К вечеру усаживались с хозяином под яблоней, пили вино, грызли семечки, изнывали от удали баяниста на танцплощадке, от взвизгов курортниц в зарослях, которых местные кавалеры увлекали на пробу. ”Наследник есть?” – спросил хозяин. ”Наследника нет”. – ”Что же вы?” Что же мы... В сумерки уходили в мазанку, обрывали из окна черешню, сладкую, наливную, черную в потемках, засыпали к рассвету обессиленные, красногубые от спелой ягоды, под шелест морских волн, которые накатывались, казалось, на наше укрытие и покачивали, и укачивали… Спросил под утро: ”Если позову, бросишь всё и придешь?” – ”Да”. – ”Я не позову”. – ”Я знаю”. Не достучалась к тебе, не достучалась…
Здравствуй, милый! В последний раз – здравствуй!
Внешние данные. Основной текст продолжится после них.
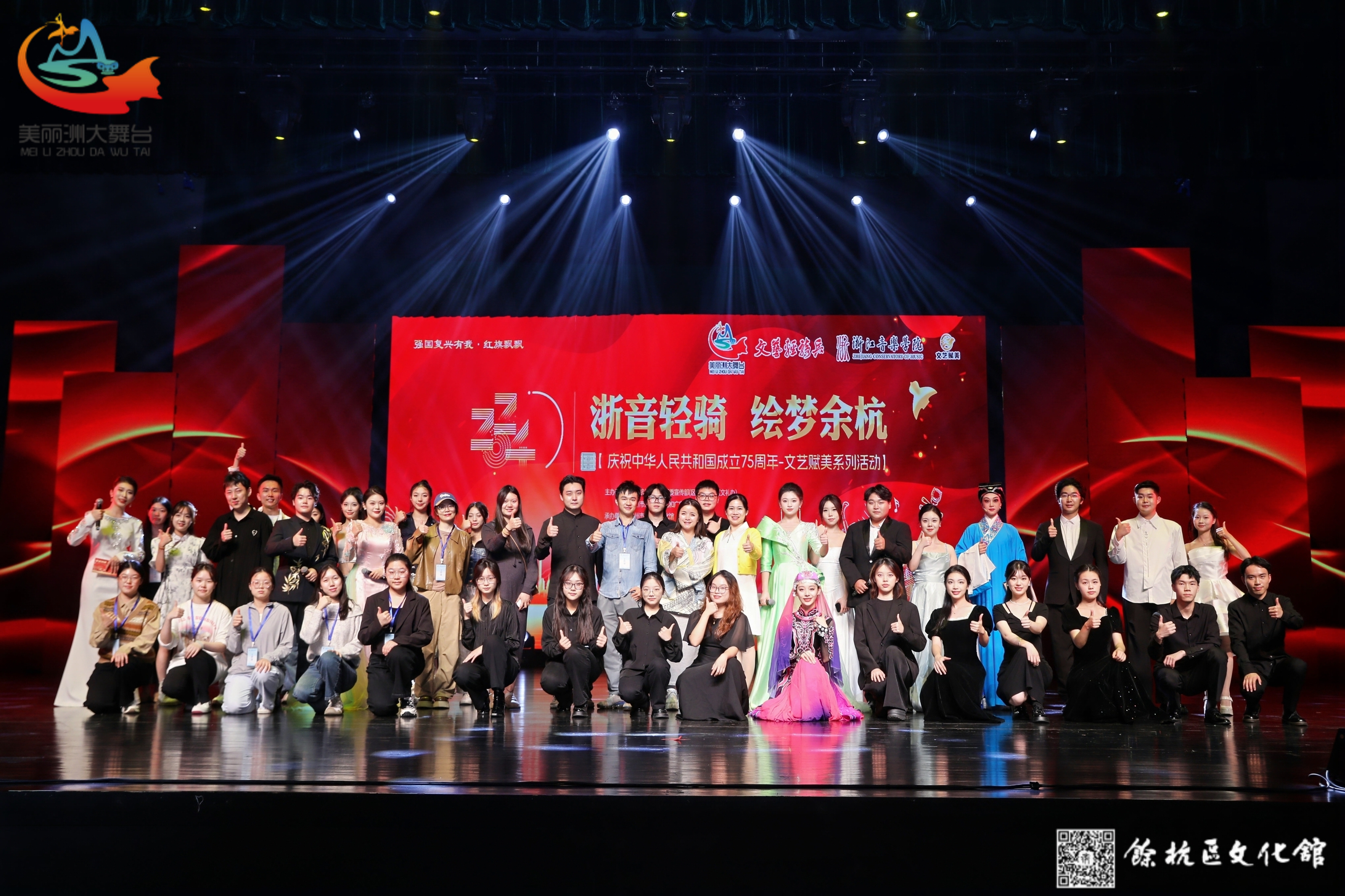 在习近平总书记文艺工作座谈会讲话十周年之际,“文艺轻骑兵”走进余杭,助力文艺事业繁荣发展。10月13日晚,杭州市余杭区文化地标——余杭苕溪大剧院热闹非凡,掌声雷动。由音乐教育学院、声乐歌剧系、流行音乐系、管弦系、戏剧系、舞蹈学院30余名同学组成的“文艺轻骑兵”队伍走进苕溪大剧院,成功开展了“浙音轻骑·绘梦余杭”庆祝中华人民共和国成立75周年暨余杭区“美丽洲”大舞台系列展演活动。本次活动完全由“文艺轻骑兵”自编、自导、自演,通过演唱、器乐、舞蹈等表演形式,共同助力余杭新中心建设,推进全民精神富有阔步向前。
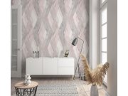 Vliesová tapeta s omyvatelným vinylovým povrchem - geometrické vzory odstínech šedé a růžové.

Мир разделен. До тебя не дотянуться. Пиши мне, моя душа: ”Москва, Востряковское кладбище, 38-я линия”, где все сроднились, перемешались на глубине, все свои. Беспокоюсь за тебя: вас, приехавших туда, становится больше, в вас оттого легче попасть. Обнимаю и желаю покоя, в том виде, хотя бы, каков мыслим в твоих краях…»
Приписано на полях, мелко-мелко:
«Что ж ты не позвал меня, живущий поодаль?..»
ЧАСТЬ ТРЕТЬЯ
Ради чего станем жить?..
ГЛАВА ДЕСЯТАЯ
А в Провансе, к северу от города Марселя…
…в долине реки Калавон, пропахшей лавандой…
…возле городка Боньё, прилепившегося на склоне хребта…
…в глубинах леса, в покое беспечного обитания Ла Шамбарель…
…где звезды на куполе в щедротах сеятеля, кабаны роют землю в поисках пропитания, змея выскальзывает из-под ног, чтоб ушуршать в траву, живность поспешает в свой лаз, отсидеться в покое…
…где внучки мудрили у кухонной плиты под разговоры, смех, игру на гитаре, нежданные откровения у камина...
…проклюнулся – ни с чего, вроде – Ицик из Иерусалима, владелец некрупного дела «Куплю всё и продам всё», с ограниченной ответственностью и без покоя в душе, прервал безмятежные дни сочинителя.